The scale of the Cambridge cemetery and its beauty are staggering. Recorded here are the names of 5,126 Americans lost in action during World War II. Buried in this serene 30.5-acre cemetery are 3,812 American crew members of British-based American aircraft, including such well-known figures as Lt. Joseph P. Kennedy, President John F. Kennedy’s older brother, and musician Glenn Miller.
In the United Kingdom, the commemoration of war heroes is as much a commitment by ordinary citizens as it is a governmental one. At the American Cemetery, we meet Malcolm “Ozzie” Osborn, the force behind two such memorials — one to the 398th Bombardment Group (Heavy), which he designed and erected in 1982, and another to the 55th Fighter Group, dedicated in 2006.
The impetus for these memorials was the 1971 discovery of a wrist-watch case engraved with the name William L. Meyran that Osborne and his friends found while searching for remnants of an American Air Force B-17G Flying Fortress that had crashed on takeoff from the 8th Air Force Base on Oct. 15, 1944. Thirty-three years later Osborn discovered Meyran’s sadly ironic story — that he died on his 25th birthday, when he was to inherit a fortune, along with two others from the 398th also being assessed for suitability to lead a squadron mission.
Over the years Osborn formed several memorial fundraising groups and organized the first English reunion of the whole 8th Air Force since the end of the war. Today these two memorials stand together in a little field of America on the Dimsdale Estate in Nuthampstead 19 miles from the Cambridge American Cemetery.
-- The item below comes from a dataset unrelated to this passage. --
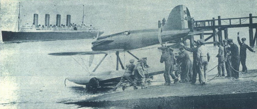 Racing seaplane Gloster VI developed for the 1929 Schneider Trophy (aircraft registration N249)
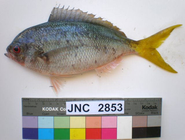 Caesio cuning from off New Caledonia. Locality: Fish market, Nouméa, New Caledonia. Fork length 220 mm, Weight 216 grams. Date 2008/12/16.

The American Air Museum at the Imperial War Museum Duxford
Originally created at the end of World War I as a training site for the United Kingdom’s Royal Air Force, today the Imperial War Museum Duxford is considered Europe’s premier aviation museum housing the largest collection of American warplanes outside of the United States.
Against a background of a B-17 Flying Fortress and P-47 Thunderbolt suspended from the ceiling as if in flight, Ivan Warne, one of the museum’s “explainers,” is bringing history to life, recounting stories from American vets who visited the museum.
“We attract many American flyers who were once stationed in the U.K.,” he explains. “In 2007 we had 415,000 visitors; I particularly remember one 83-year-old former pilot of a B-17 during World War II. He told me about the afternoon he was assigned to take a Thunderbolt damaged in combat that morning up on another mission in the afternoon. On takeoff, he could smell petrol.
“‘My first thought was that one of those horrible ground crew had left a petrol-soaked rag in the cockpit, so I thought I’d just toss it out,’ he told me. ‘But then I looked down at my feet and found I was puddling in petrol. Right, I thought, I’m taking it back to have a stern word with the ground crew chief.'”
But that dressing-down never occurred. What the pilot initially thought was just a petrol leak turned out to be an engine fire. His only option was to bail out.
The question was how.
Hollywood films make an air evacuation seem easy. All the airman has to do is release his lap strap; then, with the canopy off, climb out on the wing and jump. Military protocol, however, calls for turning the aircraft on its back instead and then bailing out.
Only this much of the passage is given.